An agreement on the additional delay was reportedly reached in cooperation between FANC and the Tihange NPP operator Engie Electrabel after the FANC found that Engie’s case for re-staring reactor 1 prior to additional tests have been completed wasn’t sufficiently strong.  The Tihange Reactor 1 was shut down in September 2016 after Engie Elecrabel reported that damage was done during work at the site.

Engie Electrabel did at hat time not specify what damage was done but noted that the damage occurred in the non-nuclear part of the plant that hosts auxiliary pumps. In other words, in a part of the plant that is related to heat exchange and cooling, as in the case of the catastrophic incident at Fukushima in 2011. The reactor was shut down as a security precaution said Genie Electrabel.
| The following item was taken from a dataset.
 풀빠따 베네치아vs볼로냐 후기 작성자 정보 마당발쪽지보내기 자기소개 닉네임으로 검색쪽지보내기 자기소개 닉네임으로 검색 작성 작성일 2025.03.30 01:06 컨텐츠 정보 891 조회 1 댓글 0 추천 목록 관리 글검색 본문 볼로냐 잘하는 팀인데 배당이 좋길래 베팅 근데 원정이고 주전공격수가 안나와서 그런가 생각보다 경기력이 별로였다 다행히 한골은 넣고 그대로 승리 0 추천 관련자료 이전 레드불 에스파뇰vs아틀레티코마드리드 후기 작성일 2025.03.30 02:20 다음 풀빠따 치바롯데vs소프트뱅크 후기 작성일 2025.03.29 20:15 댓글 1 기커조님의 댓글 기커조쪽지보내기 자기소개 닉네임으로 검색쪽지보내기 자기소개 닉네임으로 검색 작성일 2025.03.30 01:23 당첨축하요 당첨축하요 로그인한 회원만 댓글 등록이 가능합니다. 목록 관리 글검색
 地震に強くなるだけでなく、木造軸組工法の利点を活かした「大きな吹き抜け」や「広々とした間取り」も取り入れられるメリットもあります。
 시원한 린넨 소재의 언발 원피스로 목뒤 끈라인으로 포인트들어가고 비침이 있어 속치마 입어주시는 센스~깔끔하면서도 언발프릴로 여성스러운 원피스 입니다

The company then added that the situation “is said to” have no consequences for the employees, local residents or the environment.

This “incident” was merely one of a cohort of incidents in the Belgian Doel and Tihange nuclear power plants. Incidents and safety concerns have grown so much that Dutch municipalities, in August 2016, went to the European Commission to demand the closure of the NPP at Doel.

Doel NPP

Doel NPP

The municipalities of Bergen op Zoom, Steenbergen and Tholen in the Netherlands took the issue about the troubled Doel Nuclear Power Pant (NPP) in Belgium to the European Commission. Bergen op Zoom Mayor Fran Petter stressed that taking the case to the European level brings us the greatest chance of success. The Doel NPP is located near the city of Antwerp, just across the Belgian border. The municipalities maintain that they have standing because they would also be affected if anything should go wrong at the Doel NPP.
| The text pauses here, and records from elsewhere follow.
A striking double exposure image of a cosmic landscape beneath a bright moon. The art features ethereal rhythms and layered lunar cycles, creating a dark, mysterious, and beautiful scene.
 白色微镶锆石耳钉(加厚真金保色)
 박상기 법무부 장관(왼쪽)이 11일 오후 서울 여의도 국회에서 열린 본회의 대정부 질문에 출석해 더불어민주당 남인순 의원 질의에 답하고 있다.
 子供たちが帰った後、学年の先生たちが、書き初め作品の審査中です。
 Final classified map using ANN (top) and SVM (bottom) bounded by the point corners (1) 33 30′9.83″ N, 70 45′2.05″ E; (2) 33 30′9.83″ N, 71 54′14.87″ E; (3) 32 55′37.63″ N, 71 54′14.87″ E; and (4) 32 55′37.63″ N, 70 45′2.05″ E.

Both the government of the Netherlands and the government of Germany have, over the past years, repeatedly stressed that they have lost any confidence in Belgian nuclear power plants, its operators and Belgian regulatory authorities after repeated problems at the NPPs in Doel and Tihange.

The Doel 1 and 2 reactors went on the grid in 1975 and were built with an expected lifetime of about 40 years. The Belgian government, however, extended their lifetime with 10 years to 2025, against stern opposition from neighboring EU member States and against a previous decision not to extend the license. he three Dutch communities also stress that they should have a say about the Doel 3 and 4 reactors which are slightly younger, but nonetheless also troubled by repeated problems which prompt grave concerns about their safety.
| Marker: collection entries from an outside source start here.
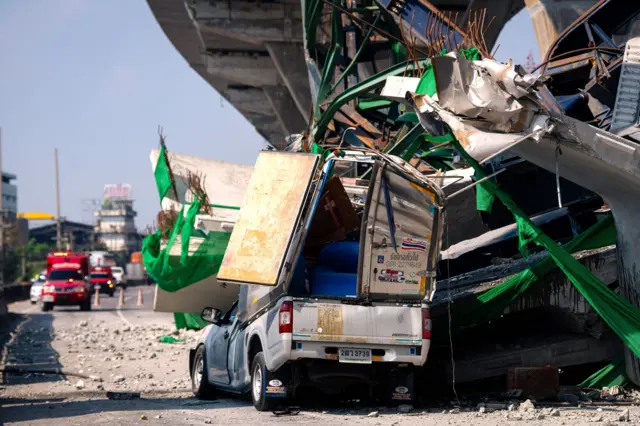 “ไม่มีอะไรเตือนล่วงหน้า แต่ว่าจังหวะล้ม มันล้มเหมือนโดมิโนลงมาเลย ตรงทางฝั่งขวาล้มเอนลงมาก่อน แล้วฝั่งนี้ก็แท-งลงมา แล้วก็มีเสียงดังเหมือนมีอะไรถล่ม” ศิวนาถ ใจซื่อกุล หนึ่งในผู้เห็นเหตุการณ์บอกกับผู้สื่อข่าวพิเศษของ.
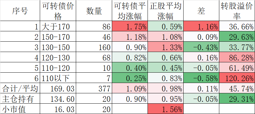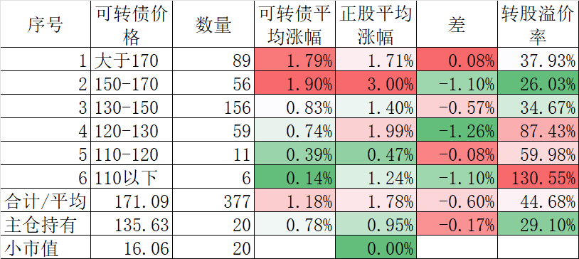 380只可转债平均上涨0.35%,对应正股平均上涨0.36%。我的主仓20只可转债平均上涨0.12%,对应正股平均上涨0.63%。
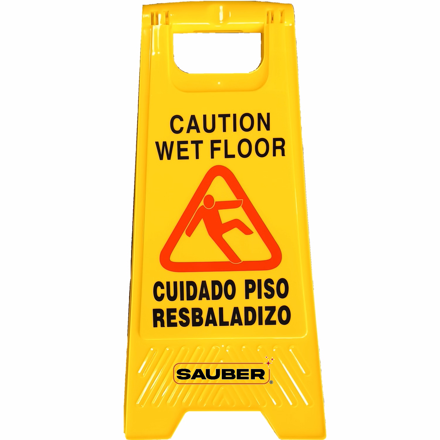 Señalética plástica de color amarillo resistente a golpes con leyenda de advertencia de piso mojado, para ser usada en pisos humedos u otras condiciones de riesgo
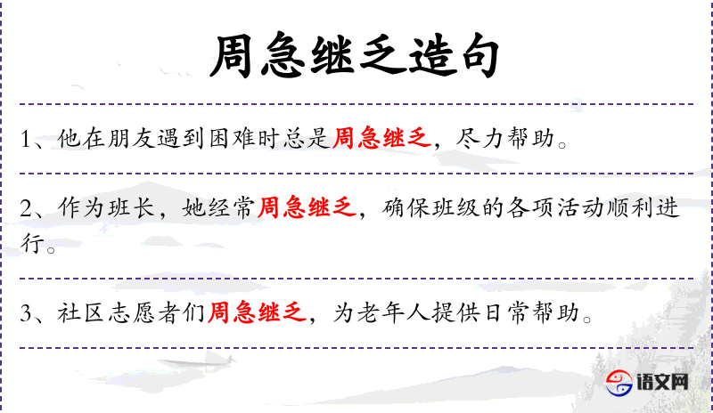 - 相关成语:周急继乏,体现老师的责任心和不懈努力。
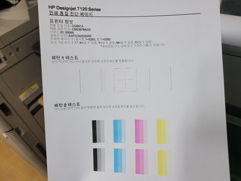 HP T120 24인치 대형프린터 A1 플로터 무한잉크 헤드 노즐 점검을 위해 진단페이지를 출력해 확인했습니다.

In 2014 the Belgian nuclear regulator ordered the reactors closed down after discovering indications of the above mentioned cracks in the core tanks of the 1,008 megawatt Tihange 2 and the 1,006 megawatt Doel 3 reactor. The decision was later reversed. Both the Doel and the Tihange nuclear facilities have had several incidents before that. The two reactors were restarted in May 2013, but were shut down again in March 2014 to allow for further tests and inspections, especially with regards to the integrity, strength and safety of the tanks.

Interim results of these inspections had shown that the tanks have been weakened to such a degree that it is necessary to keep the facility off the grid until the spring of 2015, and maybe, to take them off the grid altogether. In 2014 the Doel facility’s Doel 4 reactor was also taken off the grid due to an incident with one of its turbines.

The plants’ operator, Electrabel, insists that it is safe to keep the reactors online, also with their extended lifespan. Earlier in 2016 Belgium attracted international attention when the government started providing iodine pills to Belgian households, claiming it was not related to the risk posed by the reactors but to the potential risk that terrorists could use a “dirty bomb”.

The Belgian government has, in 2016, distributed iodine pills to the population “just in case something should happen” while claiming “the risk of terrorism” to be the main reason for concerns. Municipalities in the Netherlands as well as in the German federal state North-Rhine Westphalia also distributed iodine – while citing poor safety at Belgium’s NPPs as reason.